*Material provided*.
# # # # # # #
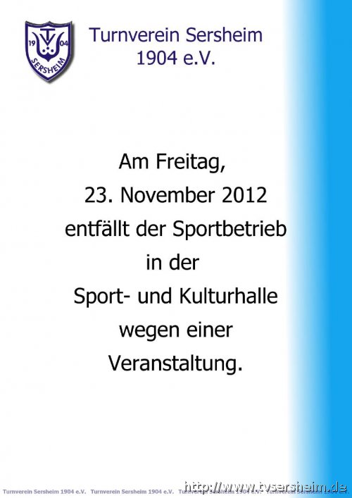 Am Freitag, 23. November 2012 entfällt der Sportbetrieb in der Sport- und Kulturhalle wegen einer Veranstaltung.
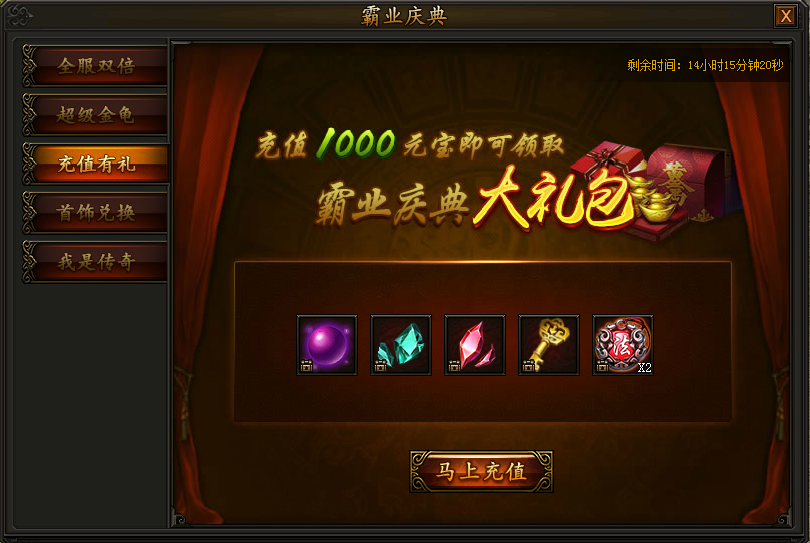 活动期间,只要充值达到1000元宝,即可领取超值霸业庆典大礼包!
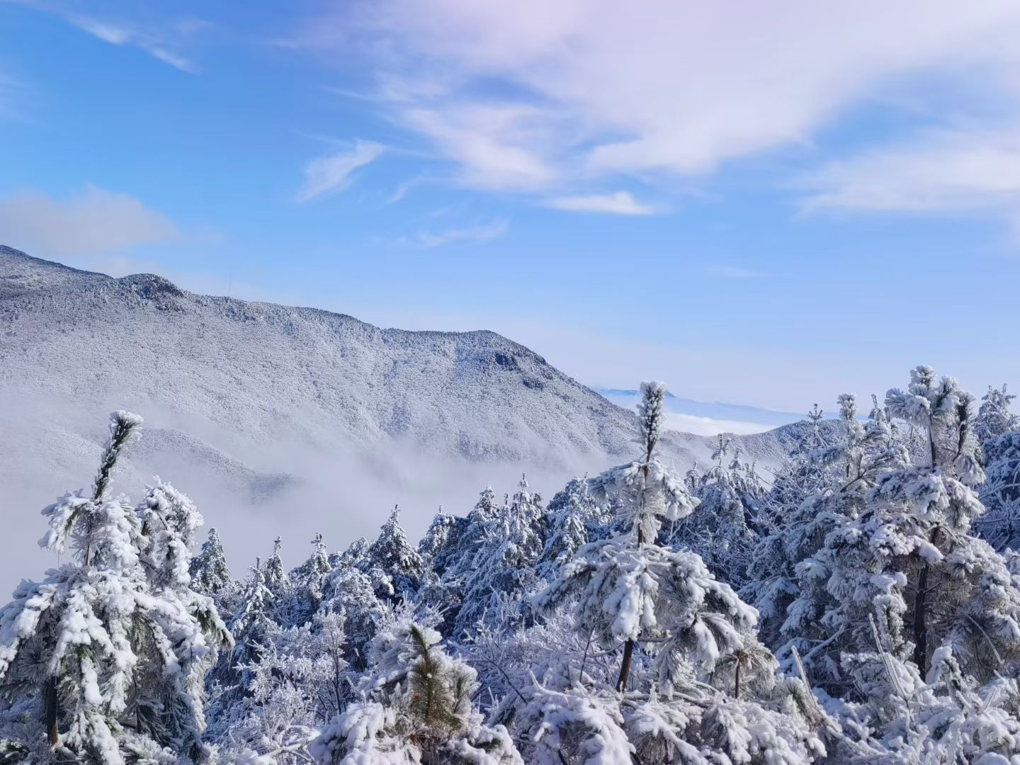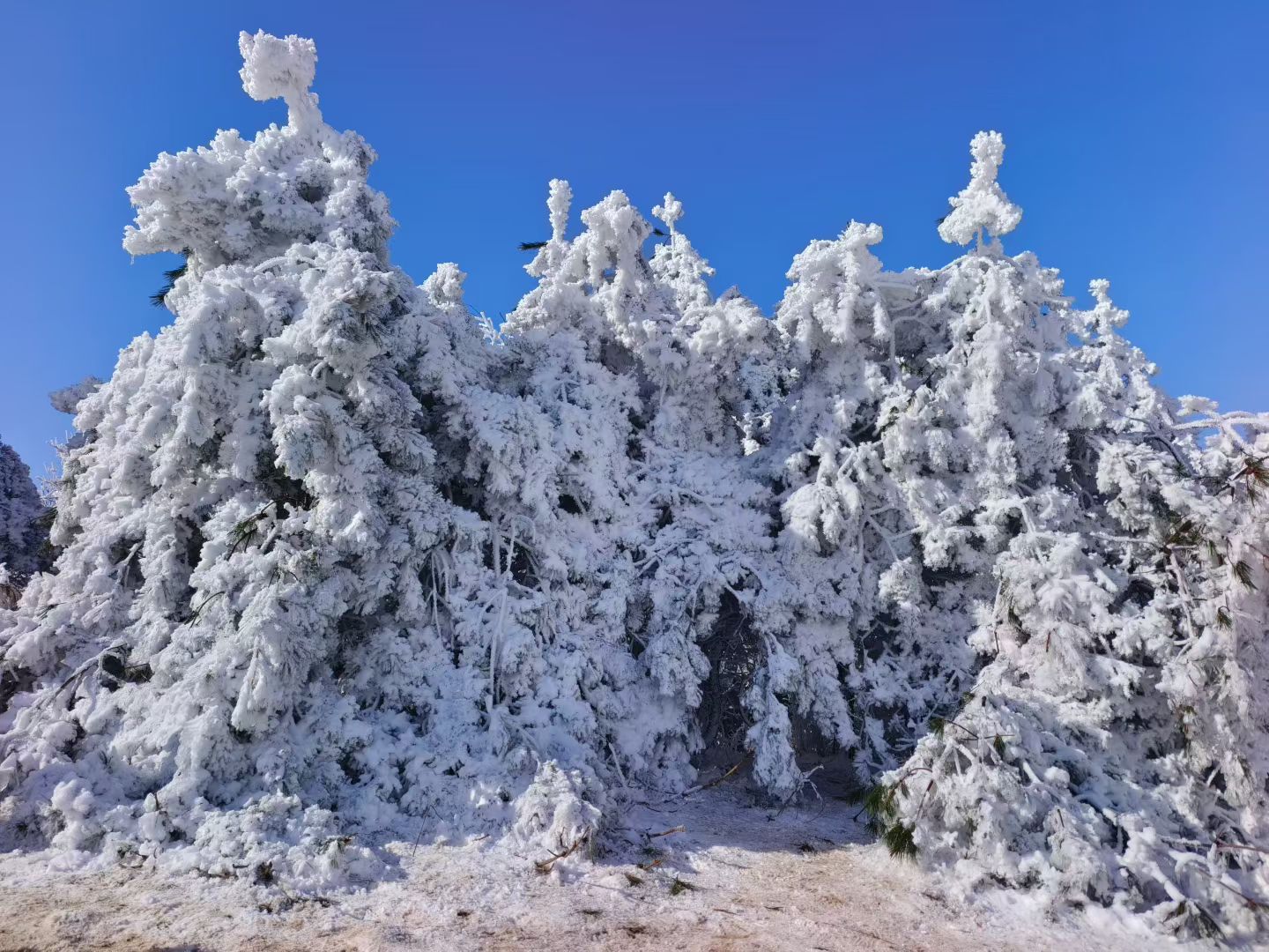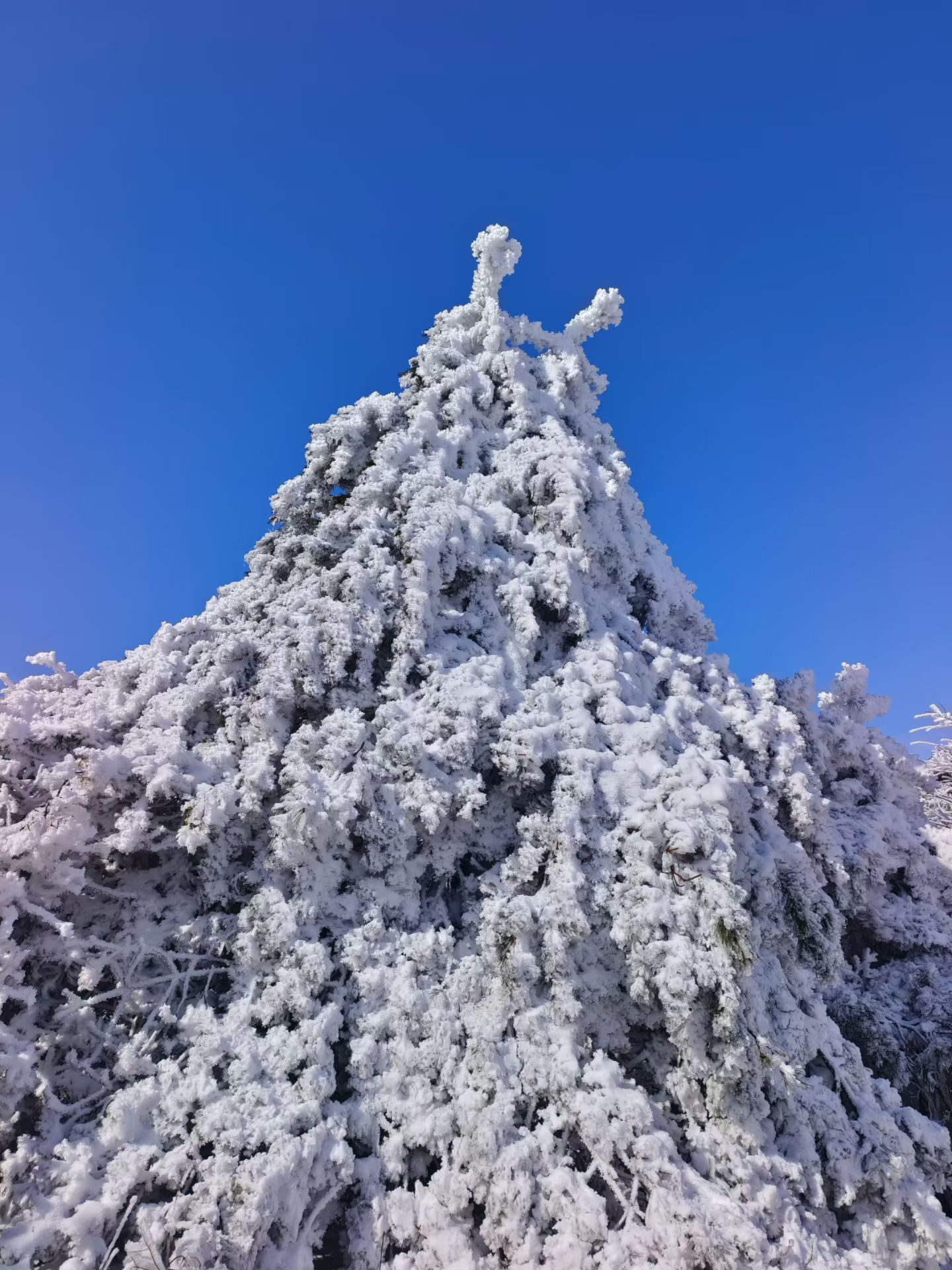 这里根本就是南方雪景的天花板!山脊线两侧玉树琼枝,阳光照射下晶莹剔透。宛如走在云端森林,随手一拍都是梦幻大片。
# # # # # # #
*Work order*.
Nothing but the pictures should be left out when the material above is copied.

*Result*.
 Am Freitag, 23. November 2012 entfällt der Sportbetrieb in der Sport- und Kulturhalle wegen einer Veranstaltung.
 活动期间,只要充值达到1000元宝,即可领取超值霸业庆典大礼包!
 这里根本就是南方雪景的天花板!山脊线两侧玉树琼枝,阳光照射下晶莹剔透。宛如走在云端森林,随手一拍都是梦幻大片。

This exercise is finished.